CRISPR is often explained as molecular scissors that can change DNA, which makes it sound straightforward, but most discussions jump between examples without making clear how the pieces fit together. Some labs talk about editing cells in a dish, others mention attempts in the body, and then there are questions about using edits in embryos. Delivery methods like viral vectors and nanoparticles come up, yet their pros and cons are scattered across articles, so it is not obvious why one is chosen over another. Off-target effects are repeatedly mentioned but not in a way that connects measurement techniques with decisions about clinical risk. There are also ethical boards and international statements, but it is unclear how those policies interact with scientific choices. A reader can tell the topic is complicated, with diseases like sickle cell discussed in passing, but the path from identifying a mutation to deciding whether and how to edit it is not laid out in a sequence that shows causes, trade-offs, and implications.

Which revision would best improve the draft's ability to examine and convey the complexity of CRISPR by offering clearer organization, fuller development, and an advanced analytical framework?

Add a compelling patient anecdote describing personal experiences with a clinical trial to make the topic feel more human and engaging.

Open with a paragraph on risks and then alternate every paragraph between risks and benefits to present a balanced view without added definitions.

Insert a detailed list of newer Cas variants and recent publications to demonstrate cutting-edge progress and broaden the evidence base.
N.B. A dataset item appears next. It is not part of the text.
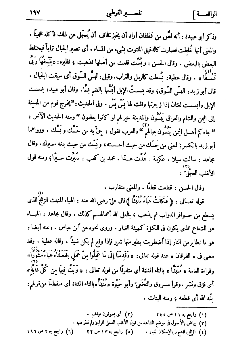 وَذَكَرَ أَبُو عُبَيْدَةَ: أَنَّهُ لِصٌّ مِنْ غَطَفَانَ أَرَادَ أَنْ يَخْبِزَ فَخَافَ أَنْ يُعْجَلَ عَنْ ذَلِكَ فَأَكَلَهُ عَجِينًا. وَالْمَعْنَى أَنَّهَا خُلِطَتْ فَصَارَتْ كَالدَّقِيقِ الْمَلْتُوتِ بِشَيْءٍ مِنَ الْمَاءِ. أَيْ تَصِيرُ الْجِبَالُ تُرَابًا فَيَخْتَلِطُ الْبَعْضُ بِالْبَعْضِ. وَقَالَ الْحَسَنُ: وبست قُلِعَتْ مِنْ أَصْلِهَا فَذَهَبَتْ، نَظِيرُهُ: (يَنْسِفُها رَبِّي نَسْفاً) «١». وَقَالَ عَطِيَّةُ: بُسِطَتْ كَالرَّمْلِ وَالتُّرَابِ. وَقِيلَ: الْبَسُّ السُّوقُ أَيْ سِيقَتِ الْجِبَالُ. قَالَ أَبُو زَيْدٍ: الْبَسُّ السُّوقُ، وَقَدْ بَسَسْتُ الْإِبِلَ أَبُسُّهَا بِالضَّمِّ بَسًّا. وَقَالَ أَبُو عُبَيْدٍ: بَسَسْتَ الْإِبِلَ وَأَبْسَسْتَ لُغَتَانِ إِذَا زَجَرْتَهَا وَقُلْتَ لَهَا بِسْ بِسْ. وَفِي الْحَدِيثِ: (يَخْرُجُ قَوْمٌ مِنَ الْمَدِينَةِ إِلَى الْيَمَنِ وَالشَّامِ وَالْعِرَاقِ يَبُسُّونَ وَالْمَدِينَةُ خَيْرٌ لَهُمْ لَوْ كَانُوا يَعْلَمُونَ) وَمِنْهُ الْحَدِيثُ الْآخَرُ: (جَاءَكُمْ أَهْلُ الْيَمَنِ يَبُسُّونَ عِيَالَهُمْ) «٢» وَالْعَرَبُ تَقُولُ: جئ بِهِ مِنْ حَسِّكَ وَبَسِّكَ. وَرَوَاهُمَا أَبُو زَيْدٍ بِالْكَسْرِ، فَمَعْنَى مِنْ حَسِّكَ مِنْ حَيْثُ أَحْسَسْتَهُ، وَبَسِّكَ مِنْ حَيْثُ بَلَغَهُ مَسِيرُكَ. وَقَالَ مُجَاهِدٌ: سَالَتْ سَيْلًا. عِكْرِمَةُ: هُدَّتْ هَدًّا. مُحَمَّدُ بْنُ كَعْبٍ: سُيَّرَتْ سَيْرًا، وَمِنْهُ قَوْلُ الْأَغْلَبِ الْعِجْلِيِّ «٣»: وَقَالَ الْحَسَنُ: قُطِعَتْ قَطْعًا. وَالْمَعْنَى مُتَقَارِبٌ. قَوْلُهُ تَعَالَى: (فَكانَتْ هَباءً مُنْبَثًّا) قَالَ عَلِيٌّ رَضِيَ الله عنه: الهباء المنبث الرَّهْجُ «٤» الَّذِي يَسْطَعُ مِنْ حَوَافِرِ الدَّوَابِّ ثُمَّ يَذْهَبُ، فَجَعَلَ اللَّهُ أَعْمَالَهُمْ كَذَلِكَ. وَقَالَ مُجَاهِدٌ: الْهَبَاءُ هُوَ الشُّعَاعُ الَّذِي يَكُونُ فِي الْكُوَّةِ كَهَيْئَةِ الْغُبَارِ. وَرُوِيَ نَحْوُهُ عَنِ ابْنِ عَبَّاسٍ. وَعَنْهُ أَيْضًا: هُوَ مَا تَطَايَرَ مِنَ النَّارِ إِذَا اضْطَرَبَتْ يَطِيرُ مِنْهَا شَرَرٌ فَإِذَا وَقَعَ لم يكن شيئا. وقال عَطِيَّةُ. وَقَدْ مَضَى فِي (الْفُرْقَانِ) عِنْدَ قَوْلُهُ تَعَالَى: (وَقَدِمْنا إِلى مَا عَمِلُوا مِنْ عَمَلٍ فَجَعَلْناهُ هَباءً مَنْثُوراً) «٥» وَقِرَاءَةُ الْعَامَّةِ (مُنْبَثًّا) بِالثَّاءِ الْمُثَلَّثَةِ أَيْ مُتَفَرِّقًا مِنْ قَوْلُهُ تَعَالَى: (وَبَثَّ فِيها مِنْ كُلِّ دَابَّةٍ) «٦» أَيْ فَرَّقَ وَنَشَرَ. وَقَرَأَ مَسْرُوقٌ وَالنَّخَعِيُّ وَأَبُو حَيْوَةَ (مُنْبَتًّا) بِالتَّاءِ الْمُثَنَّاةِ أَيْ مُنْقَطِعًا مِنْ قَوْلِهِمْ: بَتَّهُ اللَّهُ أي قطعه، ومنه البتات.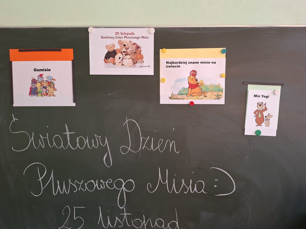 Wszystkie dzieci kochają Przytulanki. Dzień Pluszowego Misia jest idealną okazją do wspólnego świętowania. W tym dniu każde dziecko przyniosło swojego ulubionego misia, poznało też historię najbardziej znanych misiów na świecie. Kiedy puchaty przyjaciel jest blisko, wtedy nawet najbardziej pochmurny dzień staje się przyjemny. Dzieciaki za udział w zabawie otrzymały słodką niespodziankę.

Reorganize around a clear process framework (target selection → editing strategy → delivery trade-offs → off-target quantification → regulatory/ethical tiers), define terms like germline vs. somatic and off-target effects, add transitions that explain why each step leads to the next, and incorporate a brief comparative table of delivery options to clarify relationships before concluding with implications for clinical decision-making.

Explanation

Choice D adds a process-based organizing framework, key definitions, purposeful transitions, and a clarifying graphic, thereby developing and explaining complex relationships at a sophisticated level. The other options add interest (A), disrupt logical cohesion (B), or pile on details without clarifying conceptual structure (C).

2

Quantum computing is said to break encryption, but explanations often switch between hardware and math without explaining the bridge. There are qubits and superposition and then suddenly Shor's algorithm, and somewhere error correction appears, but the reader does not see how noise rates relate to the possibility of factoring large numbers. Meanwhile, some say current devices are too small, but the discussion does not explain why scale matters differently for different algorithms. Classical computers are sometimes contrasted with quantum ones, though the comparison is usually just that one is faster for some problems. The text often lumps together simulation of molecules, search, and cryptography as if they shared the same requirements. It is also not clear how assumptions about adversaries influence claims about risk timelines. There is a lot of vocabulary (coherence time, logical qubits), but the relations among them are assumed rather than shown. The result is a sense of potential without a structure that clarifies what depends on what.

Which revision most effectively organizes and develops the draft to clarify the complex relationships among algorithms, hardware constraints, and cryptographic risk?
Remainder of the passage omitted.